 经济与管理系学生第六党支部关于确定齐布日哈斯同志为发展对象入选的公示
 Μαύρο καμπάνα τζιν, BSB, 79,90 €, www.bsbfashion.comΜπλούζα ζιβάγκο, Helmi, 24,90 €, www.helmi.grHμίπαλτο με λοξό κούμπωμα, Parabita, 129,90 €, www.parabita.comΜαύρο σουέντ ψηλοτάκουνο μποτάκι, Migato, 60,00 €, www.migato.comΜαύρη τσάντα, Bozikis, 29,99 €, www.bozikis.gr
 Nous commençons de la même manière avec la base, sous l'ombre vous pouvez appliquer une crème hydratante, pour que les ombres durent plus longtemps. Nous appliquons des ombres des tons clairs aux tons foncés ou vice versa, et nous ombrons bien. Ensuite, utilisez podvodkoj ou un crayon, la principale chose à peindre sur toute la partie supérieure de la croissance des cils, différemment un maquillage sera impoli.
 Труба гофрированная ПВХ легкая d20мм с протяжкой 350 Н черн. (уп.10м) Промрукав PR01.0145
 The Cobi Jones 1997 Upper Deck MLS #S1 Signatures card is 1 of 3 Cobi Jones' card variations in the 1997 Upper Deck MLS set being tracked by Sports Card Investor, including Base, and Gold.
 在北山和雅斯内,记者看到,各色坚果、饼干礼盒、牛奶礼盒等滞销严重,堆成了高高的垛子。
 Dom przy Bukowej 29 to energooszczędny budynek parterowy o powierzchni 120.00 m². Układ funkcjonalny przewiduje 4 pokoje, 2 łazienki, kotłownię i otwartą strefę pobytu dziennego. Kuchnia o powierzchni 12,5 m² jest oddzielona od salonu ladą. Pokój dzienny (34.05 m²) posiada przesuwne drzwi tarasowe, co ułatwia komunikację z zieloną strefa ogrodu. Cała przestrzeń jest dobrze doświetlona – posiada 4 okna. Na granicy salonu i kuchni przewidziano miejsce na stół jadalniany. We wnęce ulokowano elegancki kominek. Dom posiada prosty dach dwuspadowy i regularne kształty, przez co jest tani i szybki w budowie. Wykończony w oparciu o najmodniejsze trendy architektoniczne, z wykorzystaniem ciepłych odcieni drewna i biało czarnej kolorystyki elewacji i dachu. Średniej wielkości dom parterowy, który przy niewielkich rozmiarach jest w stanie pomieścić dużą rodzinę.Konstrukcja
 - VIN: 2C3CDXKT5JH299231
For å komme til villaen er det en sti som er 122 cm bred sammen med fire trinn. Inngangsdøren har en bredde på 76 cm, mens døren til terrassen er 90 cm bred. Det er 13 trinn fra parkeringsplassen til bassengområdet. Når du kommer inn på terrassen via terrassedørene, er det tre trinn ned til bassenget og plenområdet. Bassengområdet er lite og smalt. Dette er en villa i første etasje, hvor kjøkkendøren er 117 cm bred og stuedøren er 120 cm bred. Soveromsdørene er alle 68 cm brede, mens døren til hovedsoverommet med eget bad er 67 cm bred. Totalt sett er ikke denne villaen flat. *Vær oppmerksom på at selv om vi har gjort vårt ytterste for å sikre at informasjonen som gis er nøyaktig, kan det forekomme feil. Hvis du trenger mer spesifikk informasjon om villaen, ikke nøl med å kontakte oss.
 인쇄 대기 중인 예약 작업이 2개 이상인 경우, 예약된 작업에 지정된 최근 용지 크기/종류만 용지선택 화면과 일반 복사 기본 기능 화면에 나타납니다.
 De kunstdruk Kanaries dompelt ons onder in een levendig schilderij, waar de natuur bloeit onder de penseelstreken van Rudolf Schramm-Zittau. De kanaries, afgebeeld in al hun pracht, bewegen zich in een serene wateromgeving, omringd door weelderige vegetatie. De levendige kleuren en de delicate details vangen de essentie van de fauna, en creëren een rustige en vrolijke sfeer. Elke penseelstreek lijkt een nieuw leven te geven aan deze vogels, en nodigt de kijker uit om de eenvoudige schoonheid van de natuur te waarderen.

__Prompt__.
Extract exactly and only the lines above from the line containing "Dom przy Bukowej" through the line containing "- VIN: 2C3CDXKT5JH299231", both end lines included.

__Your response__.
 Dom przy Bukowej 29 to energooszczędny budynek parterowy o powierzchni 120.00 m². Układ funkcjonalny przewiduje 4 pokoje, 2 łazienki, kotłownię i otwartą strefę pobytu dziennego. Kuchnia o powierzchni 12,5 m² jest oddzielona od salonu ladą. Pokój dzienny (34.05 m²) posiada przesuwne drzwi tarasowe, co ułatwia komunikację z zieloną strefa ogrodu. Cała przestrzeń jest dobrze doświetlona – posiada 4 okna. Na granicy salonu i kuchni przewidziano miejsce na stół jadalniany. We wnęce ulokowano elegancki kominek. Dom posiada prosty dach dwuspadowy i regularne kształty, przez co jest tani i szybki w budowie. Wykończony w oparciu o najmodniejsze trendy architektoniczne, z wykorzystaniem ciepłych odcieni drewna i biało czarnej kolorystyki elewacji i dachu. Średniej wielkości dom parterowy, który przy niewielkich rozmiarach jest w stanie pomieścić dużą rodzinę.Konstrukcja
 - VIN: 2C3CDXKT5JH299231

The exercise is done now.